Saturday, July 28, 2007

Do we tell the Iraqs to take a hike, or do we give them more walking shoes?

In an effort to disguise this blog as a serious blog, I will talk about Iraq. That's the mark of a serious blog, you know. Talking about Iraq.

There are two competing views that are of interest:

  • It is un-Christian for us to put American soldiers in harm's way in a war that is unwinnable.

  • It is un-Christian for us to abandon the Iraqis to total chaos. Better that we stay there to at least mitigate the problem.

The competing views, as well as some others, are illustrated in this qando post. McQ writes:

These questions posed to John Edwards typify why I have concluded that for the most part Democrats have no better answer to what to do in Iraq than does George Bush. In fact, despite their claims that Bush has lost touch with the reality of Iraq, they have less of a grasp on the situation, much less, than does he.

McQ then quotes from an exchange between Diane Sawyer and John Edwards:

SAWYER: You are talked about withdrawing 40,000 to 50,000 troops immediately and then within a year pulling all out.
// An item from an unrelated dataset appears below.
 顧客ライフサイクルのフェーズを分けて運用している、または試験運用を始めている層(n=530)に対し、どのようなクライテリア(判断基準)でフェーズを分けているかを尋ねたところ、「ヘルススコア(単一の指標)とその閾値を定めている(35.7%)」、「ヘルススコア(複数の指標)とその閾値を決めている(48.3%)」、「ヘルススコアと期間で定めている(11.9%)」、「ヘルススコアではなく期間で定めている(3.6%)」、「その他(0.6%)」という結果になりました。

SAWYER: What does that say to the Iraqi people? What if ethnic cleansing begins? Do you send troops back?

SEN. EDWARDS: Let's start with the first part of your question. What it says to the Iraqi people is we've now reached the stage that you're going to have to take responsibility for your own country. What's happened is there has not been a serious effort at compromise between the Shia leadership, Maliki, and the Sunni leadership. As a result, this conflict has continued. First of all, we're saying to them, you're going to have to take responsibility.

In other words, why should Americans die if the Iraqis don't try to fix their own problems?
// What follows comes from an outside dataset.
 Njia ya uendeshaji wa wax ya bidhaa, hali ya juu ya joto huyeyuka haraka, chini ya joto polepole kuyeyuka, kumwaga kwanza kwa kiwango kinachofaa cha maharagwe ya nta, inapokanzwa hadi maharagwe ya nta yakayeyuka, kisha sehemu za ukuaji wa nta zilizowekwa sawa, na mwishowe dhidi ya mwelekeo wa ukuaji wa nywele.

SAWYER: Is there the possibility of regional calamity if we pull out?

SEN. EDWARDS: The president hasn't prepared for the worst. As we shift responsibility to Iraqi leaders and get the Iranians, the Syrians and other countries engaged to help stabilize Iraq, I think America also has to prepare for the worst, which means we have to have a plan to control civil war if it gets worse.

SAWYER: What is the plan to control civil war execept going back in?
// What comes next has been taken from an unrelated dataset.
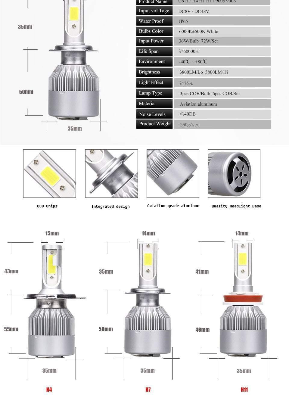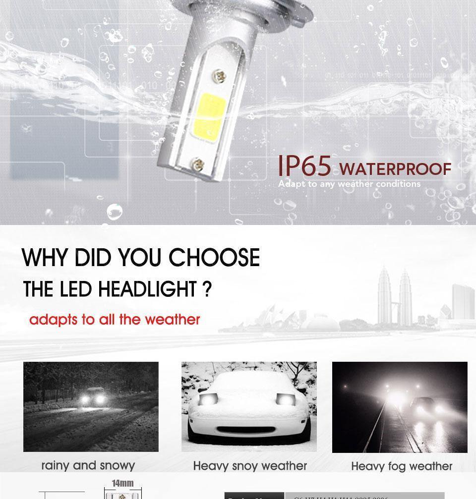 Led beam type: Pure White 6000K car headlight bulb

SEN. EDWARDS: It's not an easy thing. I mean, there are things you can do. You can set up buffer zones around the borders, move people out of population centers. I don't suggest it's easy. But I think America, also, the president has a responsibility to prepare with the international community for that possibility. And then, worst-case scenario, the possibility that genocide would break out.

Notice that the politician doesn't answer the yes/no question with a yes or no. Once you piece Edwards' words together, you realize that this exchange could have been much shorter:

SAWYER: Is there the possibility of regional calamity if we pull out?


McQ offers some additional thoughts:

The only obvious way to prevent genocide or reprisals and the collapse of the year old Iraqi government is to remain in Iraq until that government is capable of completing the reconciliation process and fend for itself. That then brings stability to the region. That prevents genocide. That prevents reprisals and government collapse. That prevents the possibility of a regional calamity which will require us to reenter the region in a much more lethal environment for our troops. But that also takes patience.

In the comments area, Scott Erb takes issue with McQ's conclusion.

Again, McQ, you seem to think we can fix the situation. If one doesn’t believe that, and if one sees an international solution as the only thing that can work, then it is the best bet. We’ve been failing for four years, the situation there is as bleak as ever, and while I appreciate eternal optimism in the "new strategy," and efforts to glean good news from particular blogs or reports, the reality is that there is in general pessimism that this is going to do much at all, and recognition that the US military is tremendously overstretched.

The fact is that an international solution is emerging as the only option with any hope of success. The task of "fixing" Iraq is not one we are capable of, and we may be doing more harm than good. That said the way we move to an international solution and the role we play in it is still an open question.

Of course, there's an open question as to whether an international solution would work any better. Marc is doubtful.

History has shown what the "international solution" (read U.N.) can achieve. Not much!

And Francis alleges that Republican concern is selective.

The Republican party concern for foreigners seems very situation-specific. Why the pressure to leave Somalia? Why the pressure not to intervene in the Balkans? Where was the pressure to intervene in the Congo? Why aren’t US troops on the ground in Sudan / Haiti / Zimbabwe / Somalia, just to mention some of the worst spots on the planet right now?